REQUIREMENT: Could you retype the records word for word but without any pictures?

DATA SHOWN:
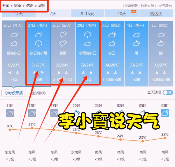 咱们再来看看未来七天的天气具体是个啥情况。今天下午到晚上,南部地区多云,信阳南部还可能有阵雨、雷阵雨;其他地方就晴天间多云了。明天呢,南部地区多云到阴天,大部分地区都有阵雨、雷阵雨;其他地方就晴天到多云了。
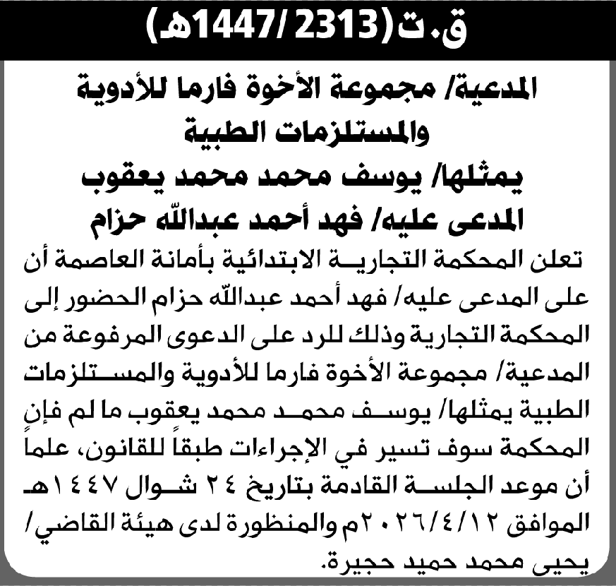 تعلن المحكمة التجارية بالأمانة أن على المدعى عليه فهد حزام الحضور إلى المحكمة إعلاناتمحاكم On أبريل 2, 2026 Share Share FacebookTwitterWhatsAppTelegramGoogle+البريد الإلكترونيPrint
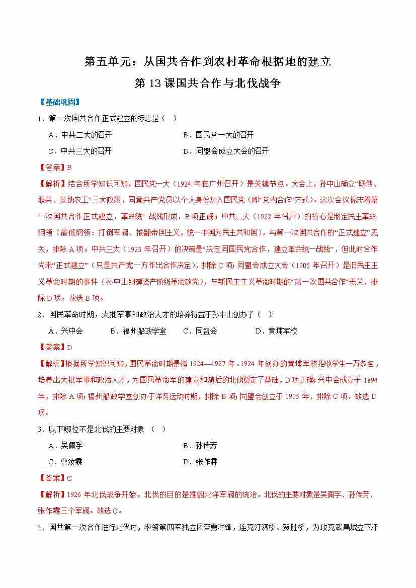第13课国共合作与北伐战争(任务型分层作业)(解析版)历史统编版2024八年级上册
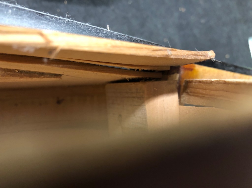 Step 3: start rebuilding the top. This portion I used thicker pieces of wood near the top because I was spanning three cracks, and because near the neck block it doesn’t need to resonate as much anyway. Traded wood flexibility for structural stability in this area.
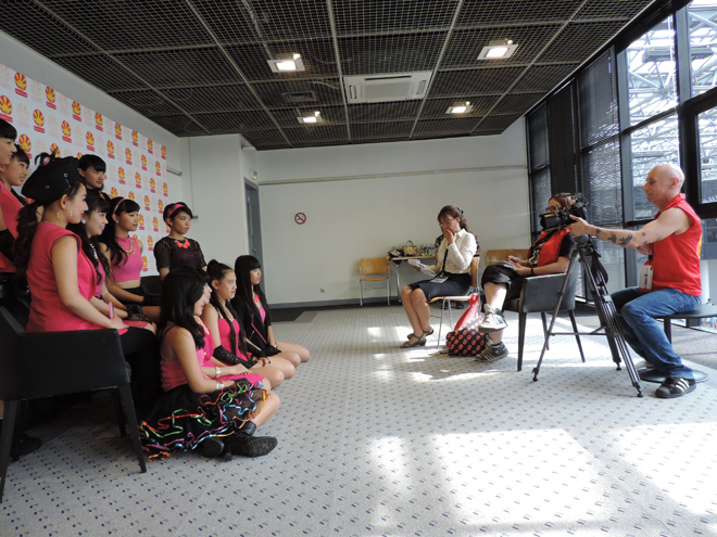 「取材の途中、通訳さんの不思議な日本語が多用され笑いをこらえるので必至でした。『嫉妬するアイドルは誰?嫉妬するアイドルは?』って。おそらく『ライバルのアイドルはいますか』と聞きたかったのでしょう。こう言ってやりました。ライバルはいません、そして他のアイドルさんに負けませんし、オレンジポートは無敵No.1でいます」と。」──ダンス得意担当・小池珠璃(14)
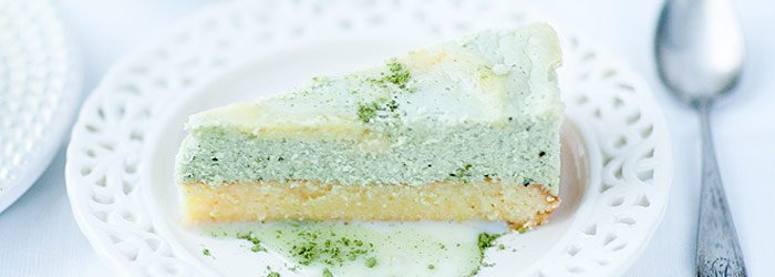 Do zabarwienia masy serowej na kolor zielony i nadania jej smaku zielonej herbaty użyłam proszku (w postaci pudru) z zielonej herbaty, o nazwie „Matcha”. Używa się jej do przyrządzania różnych deserów, nie tylko podawanych w japońskich restauracjach. Można ją dodawać do lodów, panna cotty, masy z mascarpone np. do tiramisu, do drinków i wielu innych słodkości. Można ją kupić między innymi w sklepie internetowym. Jest bardzo wydajna. Jedno opakowanie wystarczy na przyrządzenie nawet około 10 różnych deserów. Średnio na jeden sernik z 1/2 kg sera dodaje się około 2 łyżeczek proszku. Proszek wystarczy wymieszać z niewielką ilością ciepłej wody. Pomijając zieloną herbatę i dodając np. ekstrakt z wanilii, otrzymamy klasyczny, biały sernik.
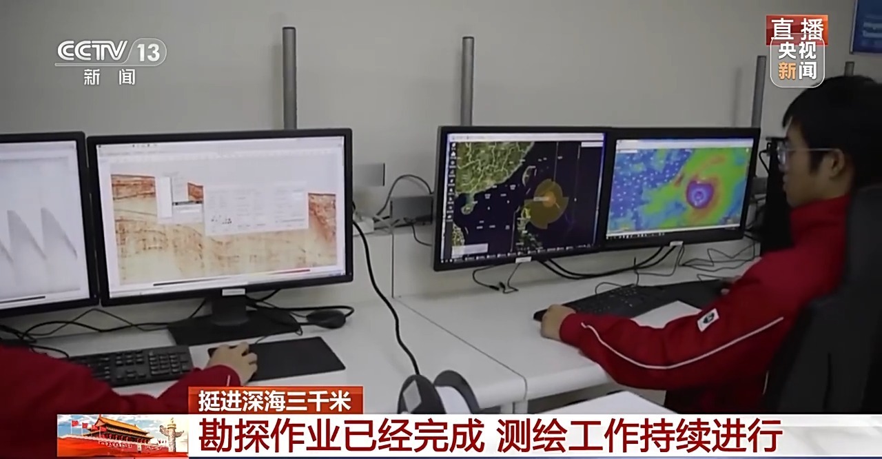 总台央视记者 王世玉:勘探作业现在已经完成了,探测团队的工作重心也都转到了首张海底图的绘制当中,目前进度已经有95%左右了。现在数据的转化,包括三维的建模、3D打印的工作都在有序进行。预计在今天下午,首张海底三千米的深水地质勘探图就会绘制完成,并将会在我们的直播中首次发布。
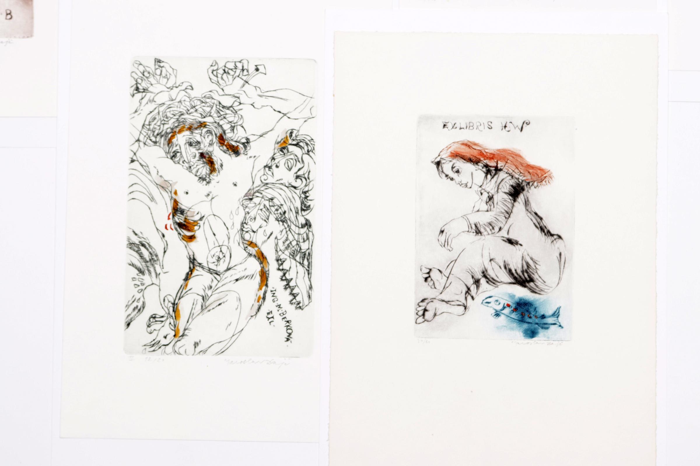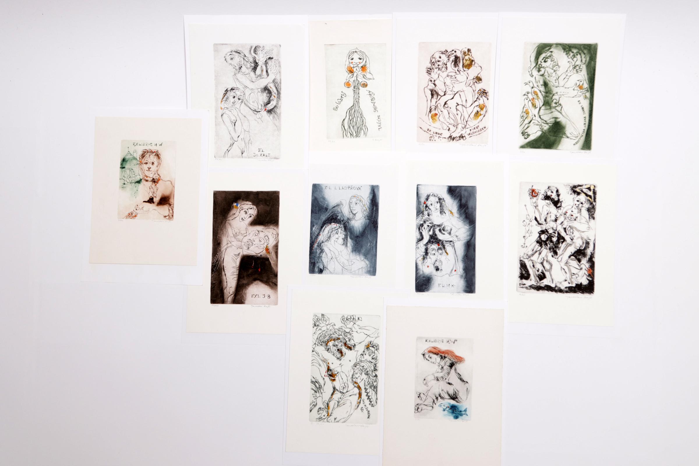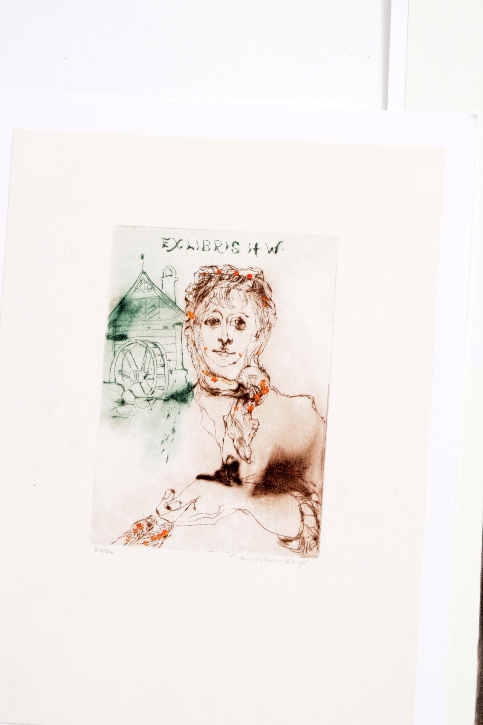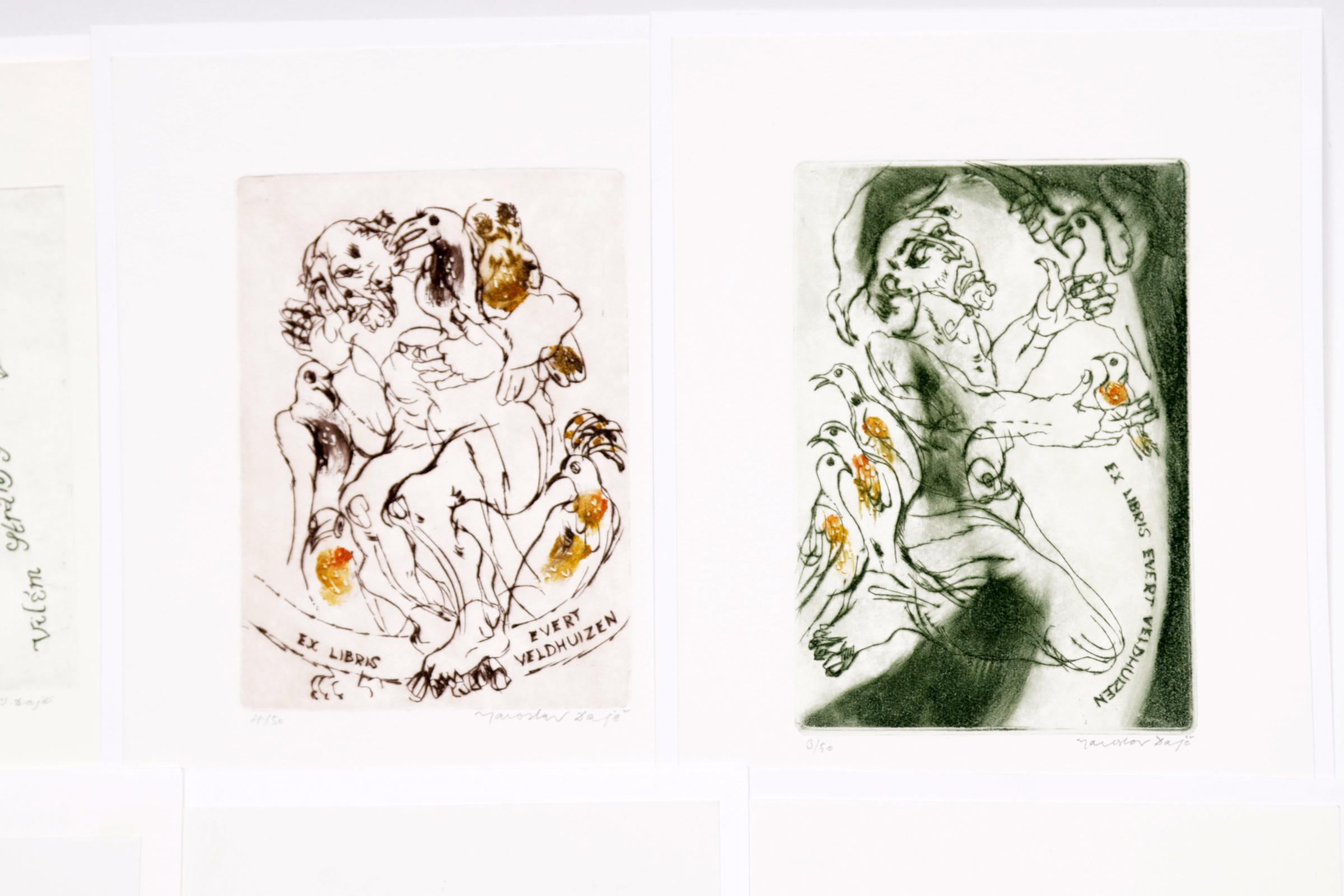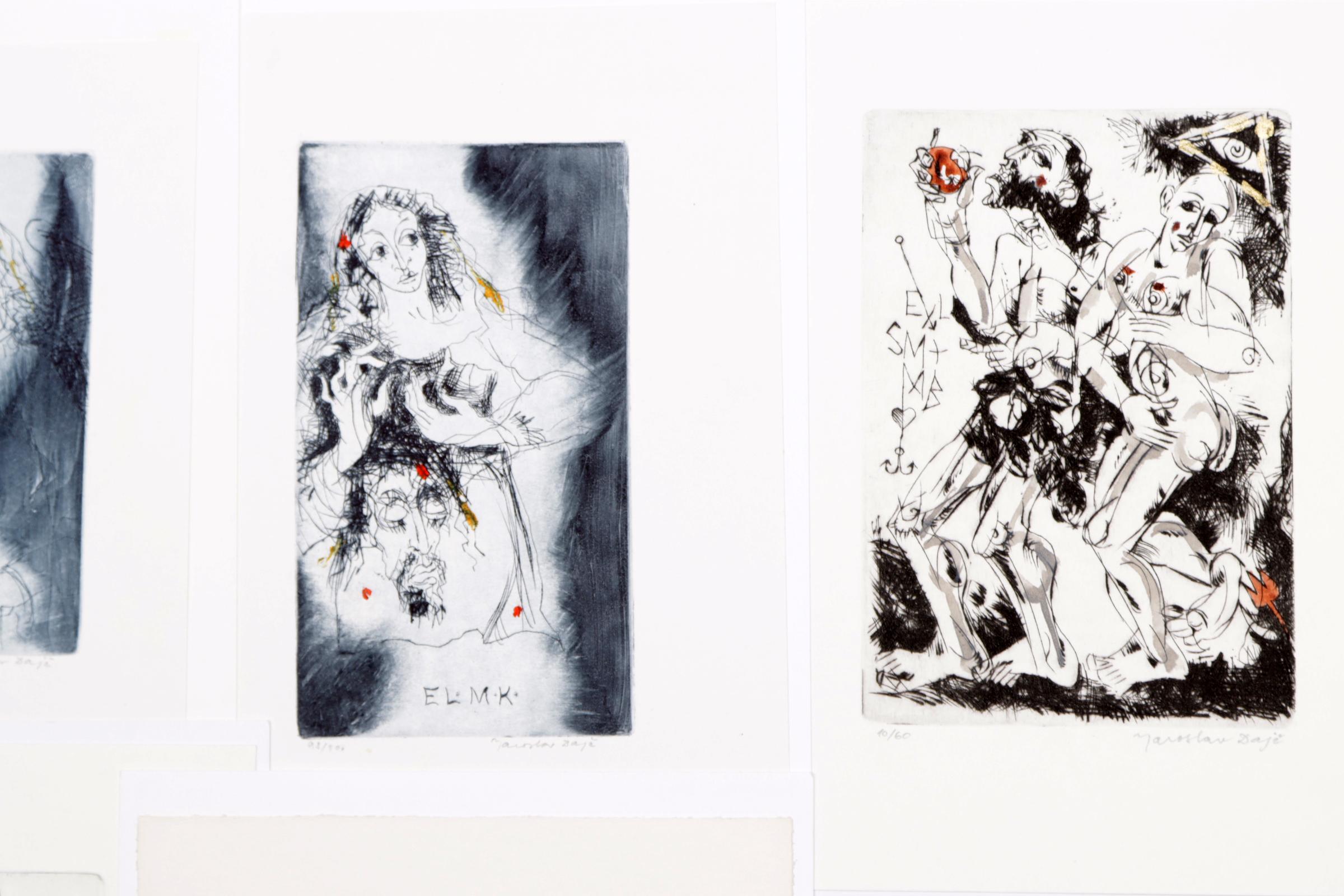 Dajc, J., 11 exlibris, C4, genummerd en gesigneerd. O.a. voor Veldhuizen, Stransky, MK, Ladyrova.
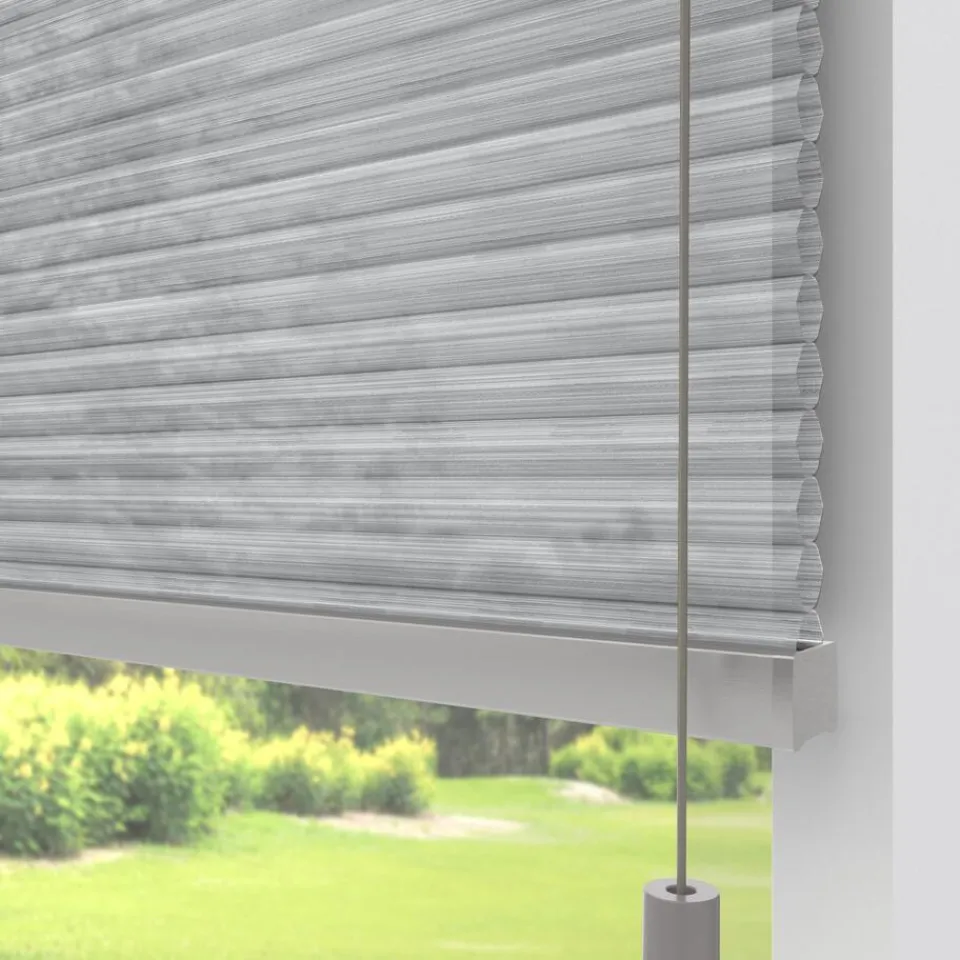 Lichtdoorlatende dubbele plissé lichtgrijs met streeppatroon met witte achterzijde. Dit mooie dubbele plissé gordijn heeft de hoogste isolatiewaarde. Het heeft een honingraatstructuur die een stilstaande luchtlaag creëert, dit zorgt voor een isolerende werking. Het zorgt ervoor dat de warmte binnen blijft als het buiten koud is en andersom. De aluminium coating aan de binnenzijde, levert de meeste energiebesparing op. Voor een isolerende werking kun je ook denken aan een combinatie tussen plisségordijnen en een overgordijn. De koorden zijn verwerkt in de honingraat en zijn niet zichtbaar. Verkrijgbaar als top down, top down bottom up of top down bottom up gespannen. Een top down bottom up gordijn kan zowel aan de bovenkant als de onderkant worden uitgevouwen voor volledige controle over de gewenste lichtinval en privacy. Een gespannen plissé is zeer geschikt voor draaikiepramen omdat de stof goed op zijn plek blijft. Op maat te maken en volledig naar wens samen te stellen. Bepaal zelf de kleur van het systeem en kies uit een bijpassende koordhanger van kunststof, rvs of zwart metaal.
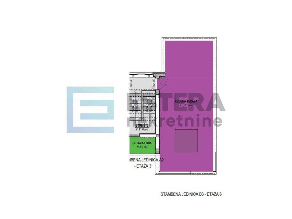 - Krovna terasa: 52,70 m2

WRITTEN SOLUTION:
 咱们再来看看未来七天的天气具体是个啥情况。今天下午到晚上,南部地区多云,信阳南部还可能有阵雨、雷阵雨;其他地方就晴天间多云了。明天呢,南部地区多云到阴天,大部分地区都有阵雨、雷阵雨;其他地方就晴天到多云了。
 تعلن المحكمة التجارية بالأمانة أن على المدعى عليه فهد حزام الحضور إلى المحكمة إعلاناتمحاكم On أبريل 2, 2026 Share Share FacebookTwitterWhatsAppTelegramGoogle+البريد الإلكترونيPrint
第13课国共合作与北伐战争(任务型分层作业)(解析版)历史统编版2024八年级上册
 Step 3: start rebuilding the top. This portion I used thicker pieces of wood near the top because I was spanning three cracks, and because near the neck block it doesn’t need to resonate as much anyway. Traded wood flexibility for structural stability in this area.
 「取材の途中、通訳さんの不思議な日本語が多用され笑いをこらえるので必至でした。『嫉妬するアイドルは誰?嫉妬するアイドルは?』って。おそらく『ライバルのアイドルはいますか』と聞きたかったのでしょう。こう言ってやりました。ライバルはいません、そして他のアイドルさんに負けませんし、オレンジポートは無敵No.1でいます」と。」──ダンス得意担当・小池珠璃(14)
 Do zabarwienia masy serowej na kolor zielony i nadania jej smaku zielonej herbaty użyłam proszku (w postaci pudru) z zielonej herbaty, o nazwie „Matcha”. Używa się jej do przyrządzania różnych deserów, nie tylko podawanych w japońskich restauracjach. Można ją dodawać do lodów, panna cotty, masy z mascarpone np. do tiramisu, do drinków i wielu innych słodkości. Można ją kupić między innymi w sklepie internetowym. Jest bardzo wydajna. Jedno opakowanie wystarczy na przyrządzenie nawet około 10 różnych deserów. Średnio na jeden sernik z 1/2 kg sera dodaje się około 2 łyżeczek proszku. Proszek wystarczy wymieszać z niewielką ilością ciepłej wody. Pomijając zieloną herbatę i dodając np. ekstrakt z wanilii, otrzymamy klasyczny, biały sernik.
 总台央视记者 王世玉:勘探作业现在已经完成了,探测团队的工作重心也都转到了首张海底图的绘制当中,目前进度已经有95%左右了。现在数据的转化,包括三维的建模、3D打印的工作都在有序进行。预计在今天下午,首张海底三千米的深水地质勘探图就会绘制完成,并将会在我们的直播中首次发布。
 Dajc, J., 11 exlibris, C4, genummerd en gesigneerd. O.a. voor Veldhuizen, Stransky, MK, Ladyrova.
 Lichtdoorlatende dubbele plissé lichtgrijs met streeppatroon met witte achterzijde. Dit mooie dubbele plissé gordijn heeft de hoogste isolatiewaarde. Het heeft een honingraatstructuur die een stilstaande luchtlaag creëert, dit zorgt voor een isolerende werking. Het zorgt ervoor dat de warmte binnen blijft als het buiten koud is en andersom. De aluminium coating aan de binnenzijde, levert de meeste energiebesparing op. Voor een isolerende werking kun je ook denken aan een combinatie tussen plisségordijnen en een overgordijn. De koorden zijn verwerkt in de honingraat en zijn niet zichtbaar. Verkrijgbaar als top down, top down bottom up of top down bottom up gespannen. Een top down bottom up gordijn kan zowel aan de bovenkant als de onderkant worden uitgevouwen voor volledige controle over de gewenste lichtinval en privacy. Een gespannen plissé is zeer geschikt voor draaikiepramen omdat de stof goed op zijn plek blijft. Op maat te maken en volledig naar wens samen te stellen. Bepaal zelf de kleur van het systeem en kies uit een bijpassende koordhanger van kunststof, rvs of zwart metaal.
 - Krovna terasa: 52,70 m2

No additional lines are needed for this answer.